VerseChorusKillMe is the second and final album by Magna-Fi.

"Who I Am" was originally written and recorded for the Shadow the Hedgehog (2005) soundtrack, but was replaced with another song, All Hail Shadow. The band later re-recorded and re-used the song, albeit with altered leads due to C.J.'s departure.

Track listing
| No. | Title | Length |
|---|---|---|
| 1. | "Who I Am" | 3:26 |
| 2. | "Kiss It Away" | 3:07 |
| 3. | "Fall From Grace" | 3:40 |
| 4. | "Breaking Up" | 3:59 |
| 5. | "When I'm Awake" | 2:56 |
| 6. | "Fan The Flames" | 3:52 |
| 7. | "Miserable Failure" (titled "You Miserable Failure" on CD release) | 3:16 |
| 8. | "Someday" | 3:11 |
| 9. | "Dream Denied Destroyed" | 5:08 |
| 10. | "Save Me" | 4:17 |
| 11. | "Well Well" | 2:18 |

==Other songs==
===Singles===
- Where Did We Go Wrong (2002, Gold Circle Records, promo)
- Where Did We Go Wrong (2004, Aezra Records, promo)
- Down In It (2004, Aezra Records, promo)
- This Life (2005-03-07, Aezra Records, promo)

===Unreleased songs===
Magna-Fi recorded many songs that were never formally released, but have surfaced online in the years following their disbandment.

- All The Right Words
- American Airtime
- Burn Out The Stars
- The Curve
- Don't Mean Nothing To Me
- Ecstatic
- Going Out
- Hard To Find
- Hearts And Minds
- Heaven and Flies
- Inside The Silence
- Kick It Out
- Me The Enemy
- Misshapen
- Obvious
- Pay To Play
- P.F.I.
- Saved The Best For Last
- Squint
- Stop Me
- Wayne (The Handgun Song)

===In Video Games===
- 2005: "All Hail Shadow" – released on Lost & Found: Shadow the Hedgehog Vocal Trax; a credits theme song for Shadow the Hedgehog.
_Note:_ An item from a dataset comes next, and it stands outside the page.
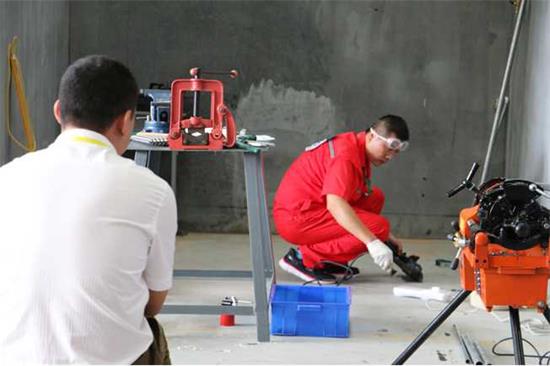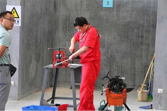 期間,來自全省17個(gè)地市的68名參賽選手分調(diào)壓工、安裝維修工2個(gè)賽項(xiàng)進(jìn)行了角逐,考核成績由理論和實(shí)踐兩部分組成。調(diào)壓工實(shí)操要求參賽選手在70分鐘的限時(shí)內(nèi)對整臺調(diào)壓器進(jìn)行檢查,并完成對主調(diào)器切斷閥的拆裝保養(yǎng)維護(hù)及組裝調(diào)試、工作原理圖繪制等操作;安裝維修工實(shí)操要求參賽選手在100分鐘的限時(shí)內(nèi)按照給定的墻面圖,設(shè)計(jì)燃?xì)夤艿腊惭b圖,提出材料表,完成管道下料組裝、壓力試驗(yàn)等操作。

Another song titled "Who I Am" was originally written for the game when SEGA Composer Jun Senoue contacted Mike Szuter about writing a song for the game. Senoue later said that he wanted to write a song together with Mike, thus resulting in "All Hail Shadow". The song later appeared on the 2007 album VerseChorusKillMe, but had new leads recorded to replace the original because C.J. Szuter left the band and was replaced by Chris Brady.
- 2004: NASCAR SimRacing and NASCAR 2005: Chase for the Cup included "Where Did We Go Wrong" as one of the selectable tracks. It is also in the 2005 release of the EA Sports NASCAR Racing arcade game.
- 2006: "All Hail Shadow" was covered by Crush 40 for the game Sonic the Hedgehog (also known as Sonic '06 or Sonic 2006). This version of the song has been remixed and reused in other games in the franchise, such as Sonic Forces or Shadow Generations.